ハラハラ(逆パワハラ)では、上司が被害者となり、部下が加害者となるという特殊性があります。
パワーハラスメントは、通常は、優越的な立場にある上司による部下に対する言動が問題となりますが、部下による上司に対する言動もハラスメントとして問題となることがあります。

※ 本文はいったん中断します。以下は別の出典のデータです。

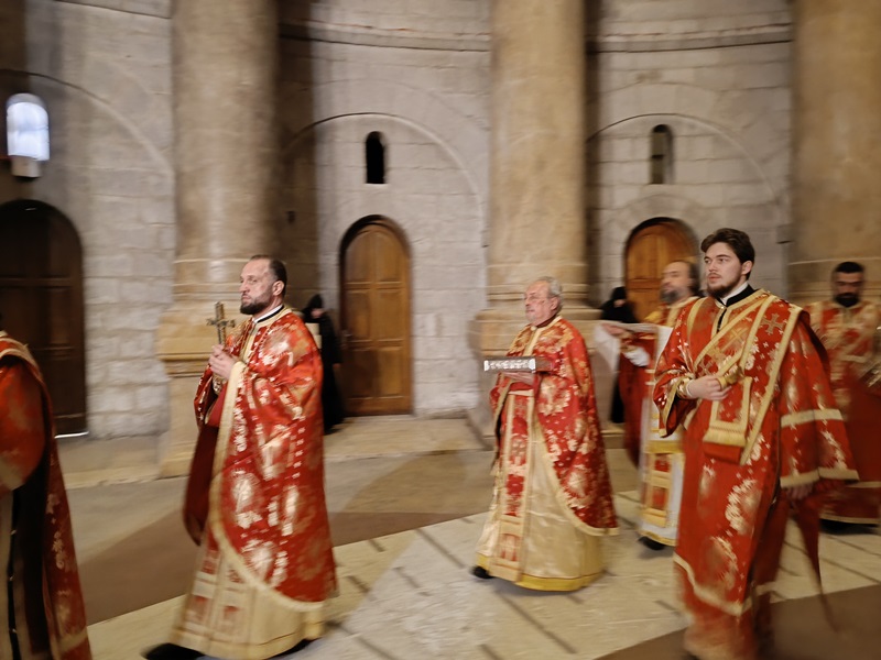 Этот праздник торжественно отмечался как «паррисия», блеском и благолепием, первоначально в Кафоликоне Храма Воскресения Утреней и Катавасиями и затем Божественной литургией Василия Великого в Пресвятом Гробе во главе с Его Божественным Блаженством Отцом нашим и Патриархом Иерусалимским Феофилом. Ему сослужили Их Высокопреосвященства Митрополит Капитольядский Исихий, Архиепископы Герасский Феофан, Константинский Аристарх и Лиддский Димитрий, иеромонахи Святогробцы, первым из которых был Старший Камарасис архимандрит Нектарий, диаконы и представители Московского Патриархата о. Вассиан и Румынского Патриархата о. Иоанн. Пели иеродиакон Симеон справа и монах Иосиф слева, в присутствии Генерального консула Греции в Иерусалиме г-на Димитрия Ангелосопулоса.

厚生労働省が作成するパワーハラスメント資料でも、「同僚又は部下による言動で、当該言動を行う者が業務上必要な知識や豊富な経験を有しており、当該者の協力を得なければ業務の円滑な遂行を行うことが困難である」場合や「同僚又は部下からの集団による行為で、これに抵抗又は拒絶することが困難である」場合について、優越的な関係を背景とした言動であって、職場におけるパワーハラスメントに該当する可能性があることを指摘しています。
*職場におけるパワーハラスメントとは、①優越的な関係を背景とした言動であって、②業務上必要かつ相当な範囲を超えたものにより、③労働者の就業環境が害されるものをいいます。
ハラハラ(逆パワハラ)の具体例
①特定の資格を有する部下が、上司の業務指示に対して、合理的な理由がないにもかかわらず、拒否している。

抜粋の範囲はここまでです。